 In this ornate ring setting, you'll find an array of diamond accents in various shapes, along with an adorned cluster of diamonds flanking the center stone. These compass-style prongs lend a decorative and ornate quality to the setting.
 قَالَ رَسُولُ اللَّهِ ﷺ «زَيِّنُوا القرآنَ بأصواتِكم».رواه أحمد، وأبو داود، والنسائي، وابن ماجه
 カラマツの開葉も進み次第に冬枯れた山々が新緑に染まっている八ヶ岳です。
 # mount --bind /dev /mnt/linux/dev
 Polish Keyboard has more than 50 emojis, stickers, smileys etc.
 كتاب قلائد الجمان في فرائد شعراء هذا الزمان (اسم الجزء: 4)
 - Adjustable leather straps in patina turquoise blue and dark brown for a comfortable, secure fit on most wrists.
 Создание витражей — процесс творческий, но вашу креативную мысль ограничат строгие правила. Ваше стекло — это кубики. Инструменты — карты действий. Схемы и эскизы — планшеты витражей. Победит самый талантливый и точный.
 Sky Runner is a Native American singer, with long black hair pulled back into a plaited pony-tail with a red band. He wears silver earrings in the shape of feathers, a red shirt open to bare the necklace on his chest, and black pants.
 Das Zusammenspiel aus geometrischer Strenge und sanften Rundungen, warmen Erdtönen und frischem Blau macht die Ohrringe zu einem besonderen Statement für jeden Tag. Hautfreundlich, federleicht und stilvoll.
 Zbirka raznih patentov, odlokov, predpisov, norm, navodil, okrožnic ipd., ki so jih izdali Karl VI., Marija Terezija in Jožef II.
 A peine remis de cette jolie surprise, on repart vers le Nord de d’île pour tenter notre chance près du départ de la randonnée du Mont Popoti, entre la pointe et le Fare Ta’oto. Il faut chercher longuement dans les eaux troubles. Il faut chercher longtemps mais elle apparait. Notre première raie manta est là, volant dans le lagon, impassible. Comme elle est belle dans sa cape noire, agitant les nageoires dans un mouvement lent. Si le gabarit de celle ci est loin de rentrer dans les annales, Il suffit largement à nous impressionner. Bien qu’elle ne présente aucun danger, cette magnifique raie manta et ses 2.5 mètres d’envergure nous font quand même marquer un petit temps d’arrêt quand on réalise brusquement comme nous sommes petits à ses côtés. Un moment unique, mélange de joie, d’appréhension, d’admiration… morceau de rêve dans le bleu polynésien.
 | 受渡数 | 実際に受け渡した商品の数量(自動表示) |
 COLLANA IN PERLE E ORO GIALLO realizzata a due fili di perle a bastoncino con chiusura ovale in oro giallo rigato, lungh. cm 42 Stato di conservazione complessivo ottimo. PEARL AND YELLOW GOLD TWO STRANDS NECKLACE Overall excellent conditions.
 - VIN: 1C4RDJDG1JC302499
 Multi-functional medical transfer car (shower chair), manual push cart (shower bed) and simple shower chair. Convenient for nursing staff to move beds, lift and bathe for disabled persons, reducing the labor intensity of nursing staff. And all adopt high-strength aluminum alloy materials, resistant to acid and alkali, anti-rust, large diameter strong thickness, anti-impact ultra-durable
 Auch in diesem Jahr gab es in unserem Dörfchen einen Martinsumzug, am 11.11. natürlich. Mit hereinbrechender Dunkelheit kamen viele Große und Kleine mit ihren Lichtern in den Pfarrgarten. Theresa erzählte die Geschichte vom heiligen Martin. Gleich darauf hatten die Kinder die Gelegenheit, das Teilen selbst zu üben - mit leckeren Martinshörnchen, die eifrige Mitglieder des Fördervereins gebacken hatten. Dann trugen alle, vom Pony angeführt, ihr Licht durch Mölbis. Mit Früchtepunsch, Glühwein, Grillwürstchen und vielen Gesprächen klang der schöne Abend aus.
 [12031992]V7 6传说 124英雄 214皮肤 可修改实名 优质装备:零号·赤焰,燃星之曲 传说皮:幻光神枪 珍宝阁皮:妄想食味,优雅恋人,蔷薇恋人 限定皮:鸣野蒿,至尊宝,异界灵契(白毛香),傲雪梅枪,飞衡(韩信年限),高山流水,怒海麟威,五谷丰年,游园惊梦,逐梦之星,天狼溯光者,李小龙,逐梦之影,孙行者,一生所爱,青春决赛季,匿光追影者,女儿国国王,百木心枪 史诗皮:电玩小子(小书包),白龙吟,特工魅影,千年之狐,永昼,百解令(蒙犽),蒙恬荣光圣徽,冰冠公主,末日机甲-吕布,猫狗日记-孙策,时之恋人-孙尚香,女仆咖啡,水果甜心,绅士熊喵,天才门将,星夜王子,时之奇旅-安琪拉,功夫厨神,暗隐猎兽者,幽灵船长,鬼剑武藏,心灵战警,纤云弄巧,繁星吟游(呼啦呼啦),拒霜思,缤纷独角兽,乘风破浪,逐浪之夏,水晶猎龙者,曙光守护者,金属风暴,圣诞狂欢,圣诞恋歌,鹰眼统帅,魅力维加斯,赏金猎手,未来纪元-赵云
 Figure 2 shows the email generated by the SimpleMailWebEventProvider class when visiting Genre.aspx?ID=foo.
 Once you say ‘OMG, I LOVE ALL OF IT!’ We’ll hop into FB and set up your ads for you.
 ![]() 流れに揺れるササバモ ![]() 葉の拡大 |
_ _ _ _ _ _ _
» **The task**: Each entry in the data should be restated exactly as it was written.

» **Task answer**:
 In this ornate ring setting, you'll find an array of diamond accents in various shapes, along with an adorned cluster of diamonds flanking the center stone. These compass-style prongs lend a decorative and ornate quality to the setting.
 قَالَ رَسُولُ اللَّهِ ﷺ «زَيِّنُوا القرآنَ بأصواتِكم».رواه أحمد، وأبو داود، والنسائي، وابن ماجه
 カラマツの開葉も進み次第に冬枯れた山々が新緑に染まっている八ヶ岳です。
 # mount --bind /dev /mnt/linux/dev
 Polish Keyboard has more than 50 emojis, stickers, smileys etc.
 كتاب قلائد الجمان في فرائد شعراء هذا الزمان (اسم الجزء: 4)
 - Adjustable leather straps in patina turquoise blue and dark brown for a comfortable, secure fit on most wrists.
 Создание витражей — процесс творческий, но вашу креативную мысль ограничат строгие правила. Ваше стекло — это кубики. Инструменты — карты действий. Схемы и эскизы — планшеты витражей. Победит самый талантливый и точный.
 Sky Runner is a Native American singer, with long black hair pulled back into a plaited pony-tail with a red band. He wears silver earrings in the shape of feathers, a red shirt open to bare the necklace on his chest, and black pants.
 Das Zusammenspiel aus geometrischer Strenge und sanften Rundungen, warmen Erdtönen und frischem Blau macht die Ohrringe zu einem besonderen Statement für jeden Tag. Hautfreundlich, federleicht und stilvoll.
 Zbirka raznih patentov, odlokov, predpisov, norm, navodil, okrožnic ipd., ki so jih izdali Karl VI., Marija Terezija in Jožef II.
 A peine remis de cette jolie surprise, on repart vers le Nord de d’île pour tenter notre chance près du départ de la randonnée du Mont Popoti, entre la pointe et le Fare Ta’oto. Il faut chercher longuement dans les eaux troubles. Il faut chercher longtemps mais elle apparait. Notre première raie manta est là, volant dans le lagon, impassible. Comme elle est belle dans sa cape noire, agitant les nageoires dans un mouvement lent. Si le gabarit de celle ci est loin de rentrer dans les annales, Il suffit largement à nous impressionner. Bien qu’elle ne présente aucun danger, cette magnifique raie manta et ses 2.5 mètres d’envergure nous font quand même marquer un petit temps d’arrêt quand on réalise brusquement comme nous sommes petits à ses côtés. Un moment unique, mélange de joie, d’appréhension, d’admiration… morceau de rêve dans le bleu polynésien.
 | 受渡数 | 実際に受け渡した商品の数量(自動表示) |
 COLLANA IN PERLE E ORO GIALLO realizzata a due fili di perle a bastoncino con chiusura ovale in oro giallo rigato, lungh. cm 42 Stato di conservazione complessivo ottimo. PEARL AND YELLOW GOLD TWO STRANDS NECKLACE Overall excellent conditions.
 - VIN: 1C4RDJDG1JC302499
 Multi-functional medical transfer car (shower chair), manual push cart (shower bed) and simple shower chair. Convenient for nursing staff to move beds, lift and bathe for disabled persons, reducing the labor intensity of nursing staff. And all adopt high-strength aluminum alloy materials, resistant to acid and alkali, anti-rust, large diameter strong thickness, anti-impact ultra-durable
 Auch in diesem Jahr gab es in unserem Dörfchen einen Martinsumzug, am 11.11. natürlich. Mit hereinbrechender Dunkelheit kamen viele Große und Kleine mit ihren Lichtern in den Pfarrgarten. Theresa erzählte die Geschichte vom heiligen Martin. Gleich darauf hatten die Kinder die Gelegenheit, das Teilen selbst zu üben - mit leckeren Martinshörnchen, die eifrige Mitglieder des Fördervereins gebacken hatten. Dann trugen alle, vom Pony angeführt, ihr Licht durch Mölbis. Mit Früchtepunsch, Glühwein, Grillwürstchen und vielen Gesprächen klang der schöne Abend aus.
 [12031992]V7 6传说 124英雄 214皮肤 可修改实名 优质装备:零号·赤焰,燃星之曲 传说皮:幻光神枪 珍宝阁皮:妄想食味,优雅恋人,蔷薇恋人 限定皮:鸣野蒿,至尊宝,异界灵契(白毛香),傲雪梅枪,飞衡(韩信年限),高山流水,怒海麟威,五谷丰年,游园惊梦,逐梦之星,天狼溯光者,李小龙,逐梦之影,孙行者,一生所爱,青春决赛季,匿光追影者,女儿国国王,百木心枪 史诗皮:电玩小子(小书包),白龙吟,特工魅影,千年之狐,永昼,百解令(蒙犽),蒙恬荣光圣徽,冰冠公主,末日机甲-吕布,猫狗日记-孙策,时之恋人-孙尚香,女仆咖啡,水果甜心,绅士熊喵,天才门将,星夜王子,时之奇旅-安琪拉,功夫厨神,暗隐猎兽者,幽灵船长,鬼剑武藏,心灵战警,纤云弄巧,繁星吟游(呼啦呼啦),拒霜思,缤纷独角兽,乘风破浪,逐浪之夏,水晶猎龙者,曙光守护者,金属风暴,圣诞狂欢,圣诞恋歌,鹰眼统帅,魅力维加斯,赏金猎手,未来纪元-赵云
 Figure 2 shows the email generated by the SimpleMailWebEventProvider class when visiting Genre.aspx?ID=foo.
 Once you say ‘OMG, I LOVE ALL OF IT!’ We’ll hop into FB and set up your ads for you.
 ![]() 流れに揺れるササバモ ![]() 葉の拡大 |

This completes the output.